Attempts to deepen the market are being complicated by the actions of some companies. By not trading to protect themselves from future changes in the won, these companies, in effect, keep the market underdeveloped. For example, many exporters could have sold their dollars on the forward market when the exchange rate was over 1,300. However, they decided to not hedge, lost the bet and ended up with lower profits. Now they are calling for help.
Which firms are complicating the process? Banks have protected themselves against currency risk, and it is difficult to believe that small and medium enterprises have much influence. Therefore, the source of the pressure most likely comes from large, non-bank companies. These otherwise sophisticated businesses should, arguably, protect themselves and not run to the government every time the exchange rate moves against their positions. Hedging should not be mandatory, of course. Companies may take on currency risk, but then they should face the consequences of their decision. They cannot have it both ways.

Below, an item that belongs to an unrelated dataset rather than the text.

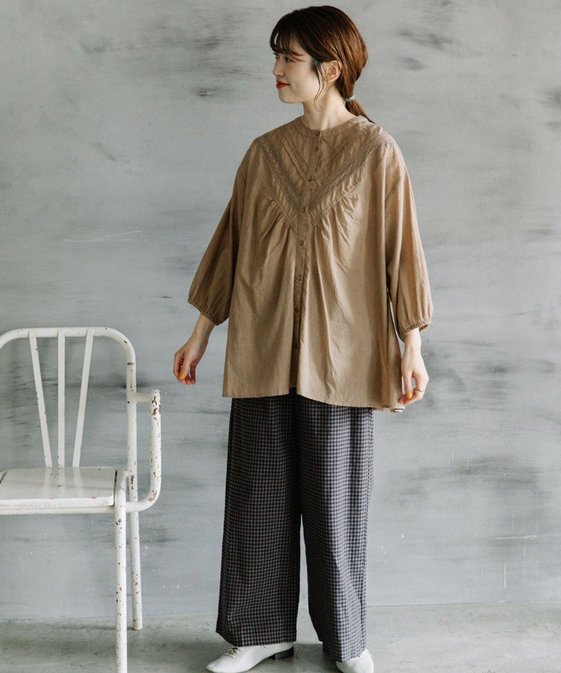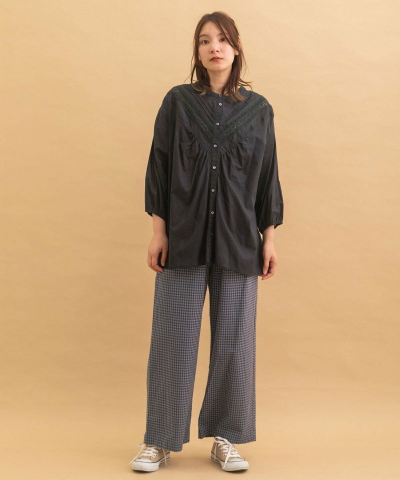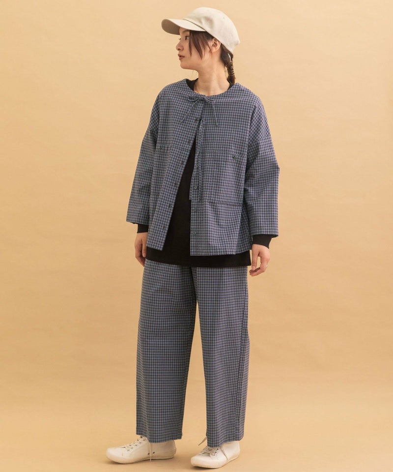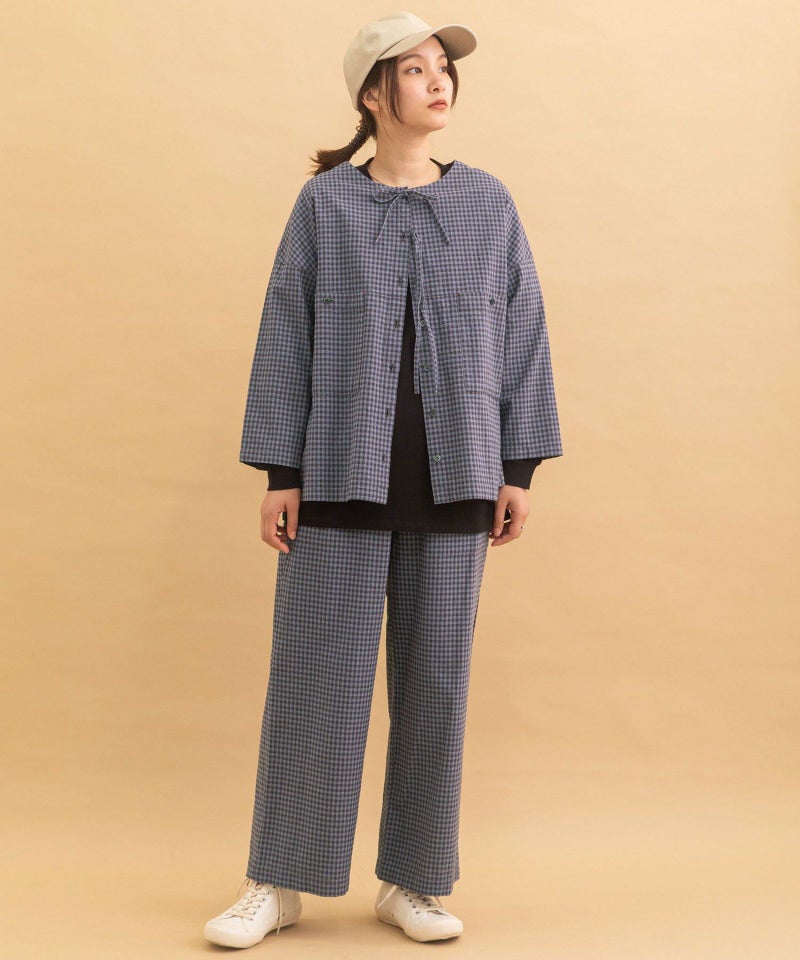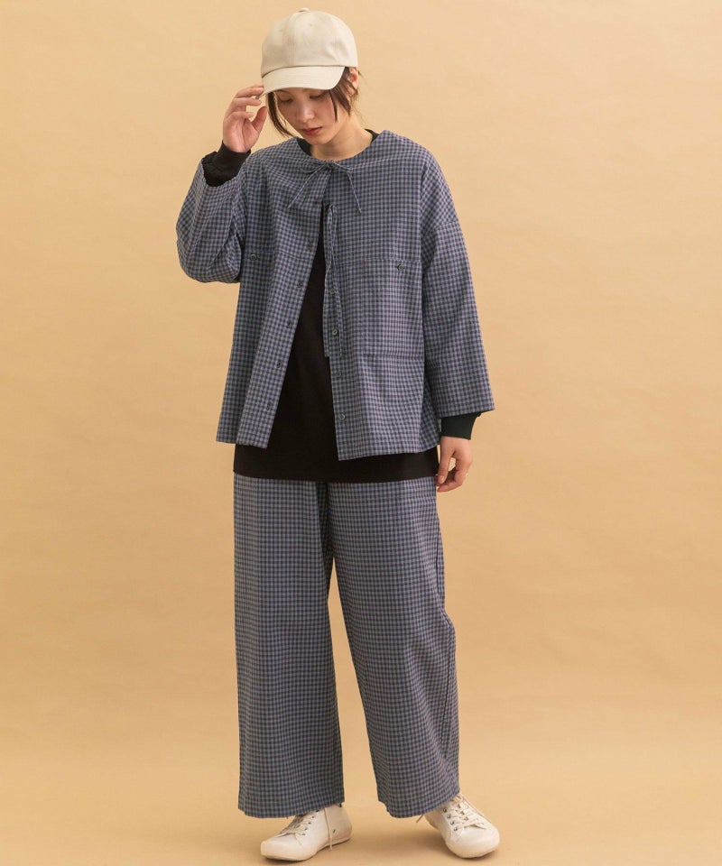 ・同素材の2451146888 カラーギンガムパッチポケットリボンシャツとのセットアップもお楽しみ頂けます。

We are concerned because of the costs for Korea. First, the world is watching. Potential foreign investors still wonder whether Korea has truly moved away from a government-jaebol dominated economic system; the present situation at least partially validates their suspicions that it has not. Second, unhedged companies face increased uncertainty, which reduces investment and consumption. Finally, as noted, government action -- even in the form of smoothing operations -- retards development of Korea's still small foreign exchange market. These are all negatives for a country aspiring to become a regional financial hub.
Should the government "do something"? Yes. Government has a role to play in making sure the foreign exchange market functions smoothly in periods of turbulence and in deepening the market over time. But the public debate should be broadened to ask why some firms are not hedging and what costs this entails. Those firms may respond that hedging is expensive. That may be, but not hedging carries costs for Korea that are surely larger.
The writer is the International Monetary Fund's resident representative in Korea.